Надеваю я пиджак, а сам думаю, что это не по заслугам, поскольку, кроме сочинений, я еще ничего не написал, но подарок был приятный, и тем более все захлопали. Сэм и Патрик в один голос сказали, что я выгляжу на все сто. Мэри-Элизабет заулыбалась. Кажется, я и сам — впервые в жизни — поверил, что выгляжу «на все сто». Понимаешь меня? Ну, как будто ты смотришься в зеркало и впервые в жизни видишь, что тебя хорошо подстригли. Не думаю, что нам стоит зацикливаться на таких вещах, как вес, мускулатура и модная стрижка, но если получается само собой, это приятно. В самом деле.
Под конец произошло нечто потрясающее. Поскольку многие ребята уезжали с родителями кто во Флориду, кто в Индиану, кто куда, мы поспешили вручить подарки тем, кого сами выбрали, уже без всякого «Тайного Санты».

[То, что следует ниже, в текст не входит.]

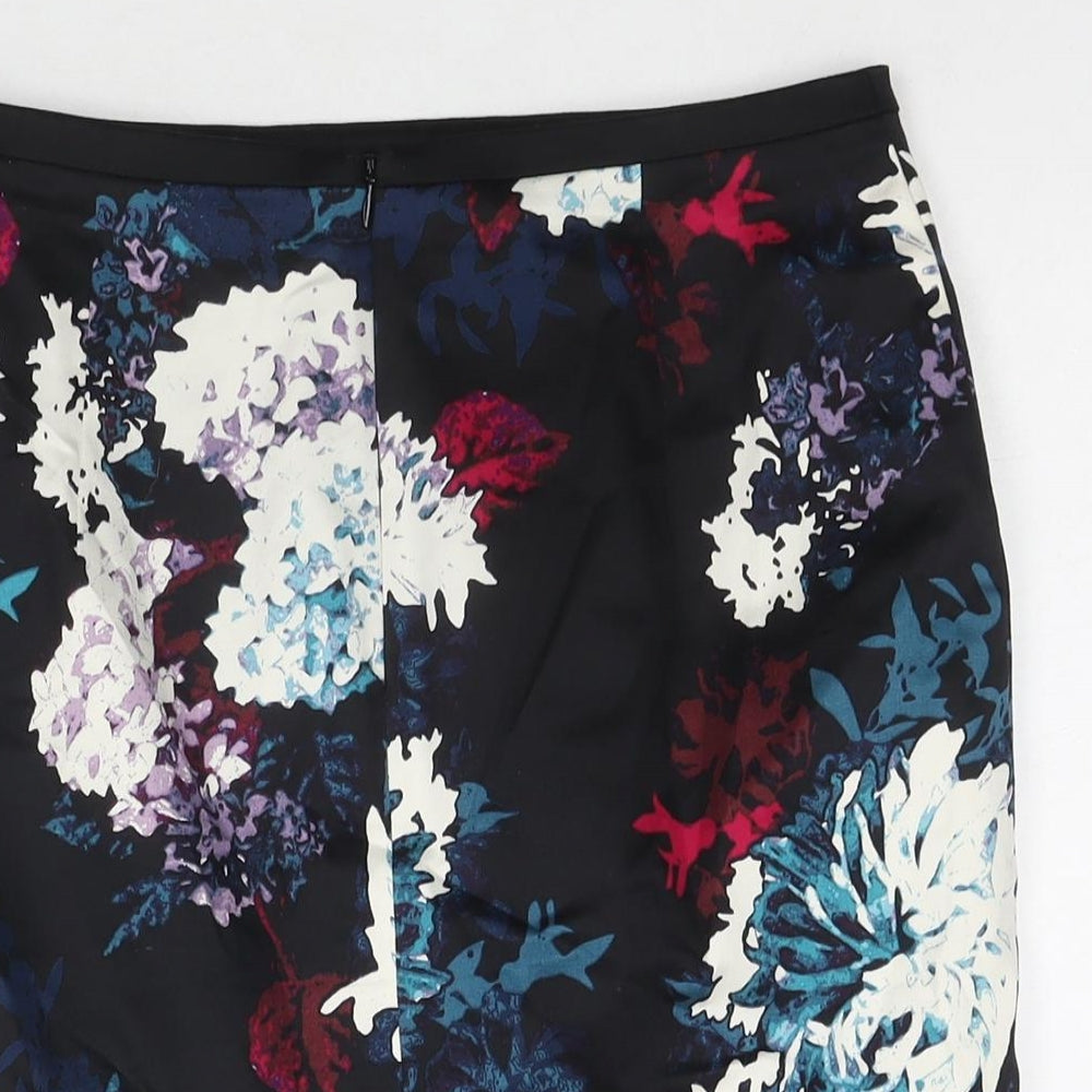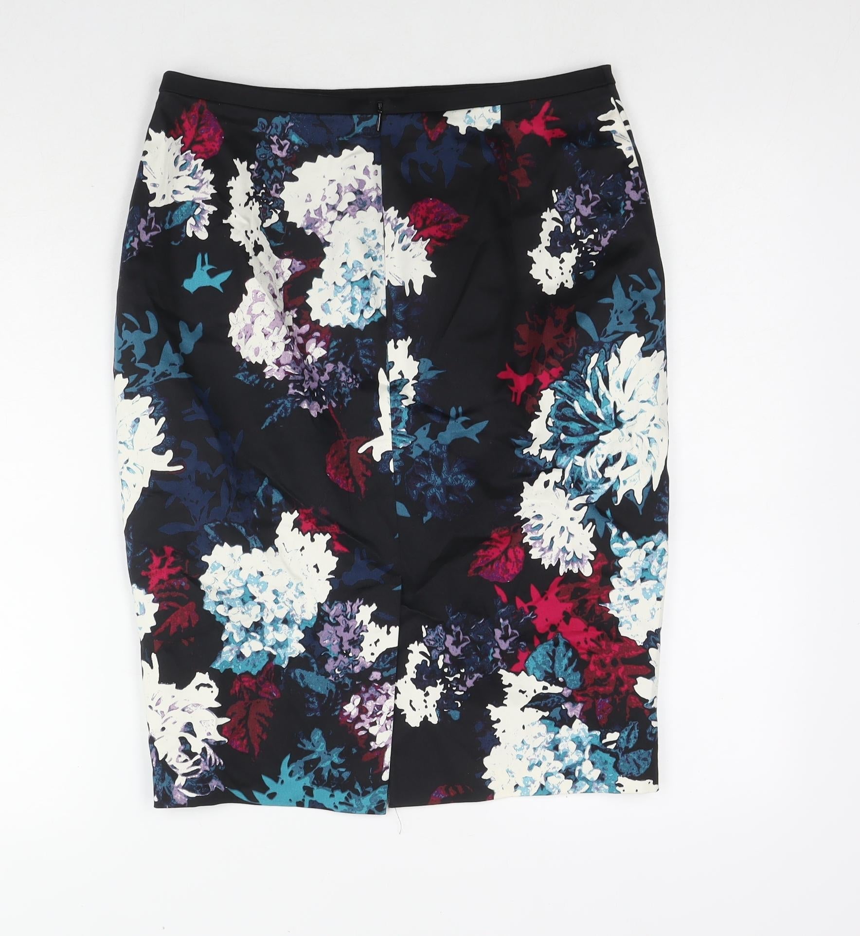 Marks and Spencer Womens Black Floral Cotton Straight & Pencil Skirt Size 10 Zip

Боб приготовил для Патрика восьмушку марихуаны с рождественской открыткой. Даже не поленился завернуть в подарочную бумагу. Мэри-Элизабет подарила Сэм сережки. Элис — то же самое. И Сэм тоже подарила им обеим сережки. Думаю, у девушек это какая-то особая фишка. Честно сказать, мне было немного обидно, что обо мне никто, кроме Сэм и Патрика, не подумал. Наверно, с остальными мы не настолько дружны, так что понять можно. Но все равно было немного обидно.
Подошла моя очередь. Я подарил Бобу тюбик для мыльных пузырей — мне показалось, это соответствует типу его личности. И кажется, попал в точку.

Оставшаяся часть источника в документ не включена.